Task requirements
Only the lines below between the ones containing "张金丰一行先后到绥棱县进城检" and "金秋送爽,启航新程。为引导2", inclusive, are to be reproduced, each exactly as it stands.

Records provided

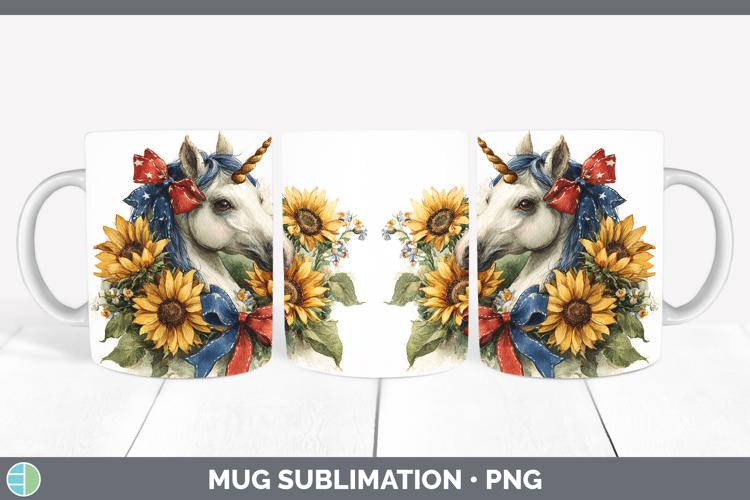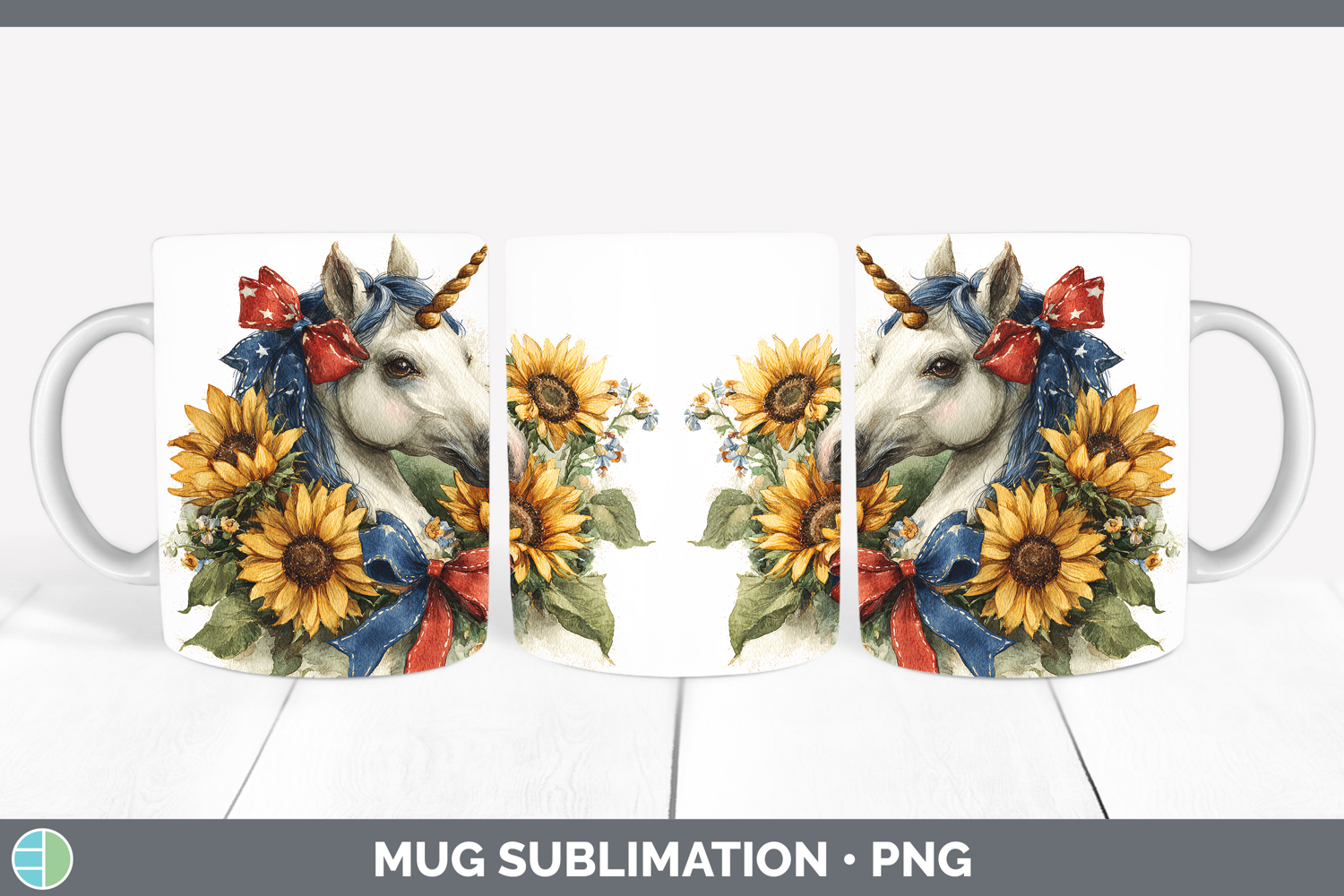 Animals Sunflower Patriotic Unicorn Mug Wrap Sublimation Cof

...

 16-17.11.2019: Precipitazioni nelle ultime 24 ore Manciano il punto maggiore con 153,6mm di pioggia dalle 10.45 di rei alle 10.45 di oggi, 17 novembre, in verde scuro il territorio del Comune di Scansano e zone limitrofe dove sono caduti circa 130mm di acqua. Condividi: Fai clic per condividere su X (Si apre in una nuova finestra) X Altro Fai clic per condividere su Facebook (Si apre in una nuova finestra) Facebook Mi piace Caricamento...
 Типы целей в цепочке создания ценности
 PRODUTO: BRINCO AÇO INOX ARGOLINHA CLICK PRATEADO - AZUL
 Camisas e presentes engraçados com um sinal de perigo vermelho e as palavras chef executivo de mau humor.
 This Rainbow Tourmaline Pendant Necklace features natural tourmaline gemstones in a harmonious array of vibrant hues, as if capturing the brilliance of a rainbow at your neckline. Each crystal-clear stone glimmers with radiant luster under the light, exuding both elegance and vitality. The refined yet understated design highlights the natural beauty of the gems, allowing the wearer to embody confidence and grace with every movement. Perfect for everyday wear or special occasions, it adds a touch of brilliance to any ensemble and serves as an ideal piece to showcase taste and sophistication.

==

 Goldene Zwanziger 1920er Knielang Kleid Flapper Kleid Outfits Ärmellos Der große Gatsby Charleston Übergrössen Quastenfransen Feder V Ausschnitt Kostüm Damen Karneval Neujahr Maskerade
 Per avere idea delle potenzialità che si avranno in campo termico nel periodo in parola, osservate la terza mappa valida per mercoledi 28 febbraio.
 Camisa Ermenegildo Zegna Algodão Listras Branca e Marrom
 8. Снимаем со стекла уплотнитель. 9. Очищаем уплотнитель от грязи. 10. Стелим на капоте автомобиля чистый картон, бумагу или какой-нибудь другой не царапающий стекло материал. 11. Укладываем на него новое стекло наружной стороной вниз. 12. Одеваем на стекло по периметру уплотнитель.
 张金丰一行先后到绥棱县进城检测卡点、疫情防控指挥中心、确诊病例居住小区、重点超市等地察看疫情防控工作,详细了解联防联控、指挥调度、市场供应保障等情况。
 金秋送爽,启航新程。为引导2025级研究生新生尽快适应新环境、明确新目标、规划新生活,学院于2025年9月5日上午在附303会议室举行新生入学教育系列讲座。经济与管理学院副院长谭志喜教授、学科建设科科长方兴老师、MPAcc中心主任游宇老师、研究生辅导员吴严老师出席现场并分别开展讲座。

Output of the task
 张金丰一行先后到绥棱县进城检测卡点、疫情防控指挥中心、确诊病例居住小区、重点超市等地察看疫情防控工作,详细了解联防联控、指挥调度、市场供应保障等情况。
 金秋送爽,启航新程。为引导2025级研究生新生尽快适应新环境、明确新目标、规划新生活,学院于2025年9月5日上午在附303会议室举行新生入学教育系列讲座。经济与管理学院副院长谭志喜教授、学科建设科科长方兴老师、MPAcc中心主任游宇老师、研究生辅导员吴严老师出席现场并分别开展讲座。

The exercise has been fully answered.